An exact copy of all the data is required, with pictures left out.

--- Dataset content Enclosed Below ---

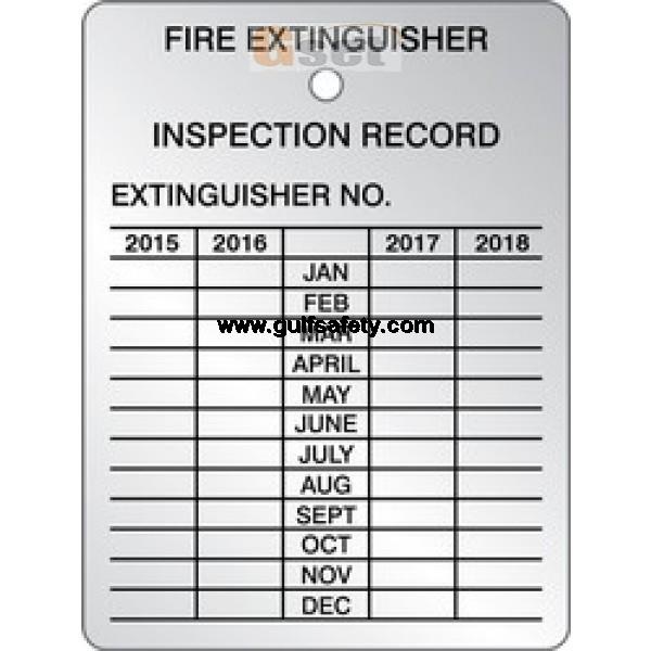 aluminium tag for fire extinguisher. size: 75mm x 60mm. ;0.5 mm thickness with inspection calendar |
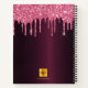 Burgundy pink flowers glitter drips monogram notebook
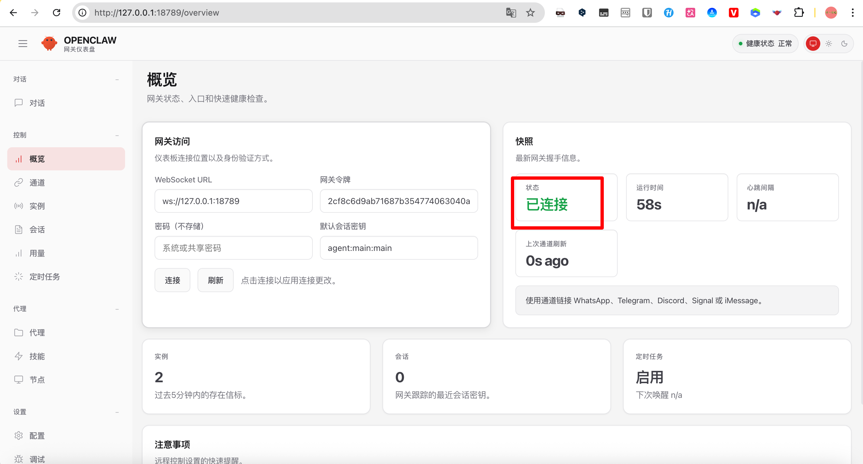 网关处于启动状态(可通过 openclaw-cn gateway status 检查状态)

--- End of Enclosed Dataset content ---

◆ Expected answer
 aluminium tag for fire extinguisher. size: 75mm x 60mm. ;0.5 mm thickness with inspection calendar |
 Burgundy pink flowers glitter drips monogram notebook
 网关处于启动状态(可通过 openclaw-cn gateway status 检查状态)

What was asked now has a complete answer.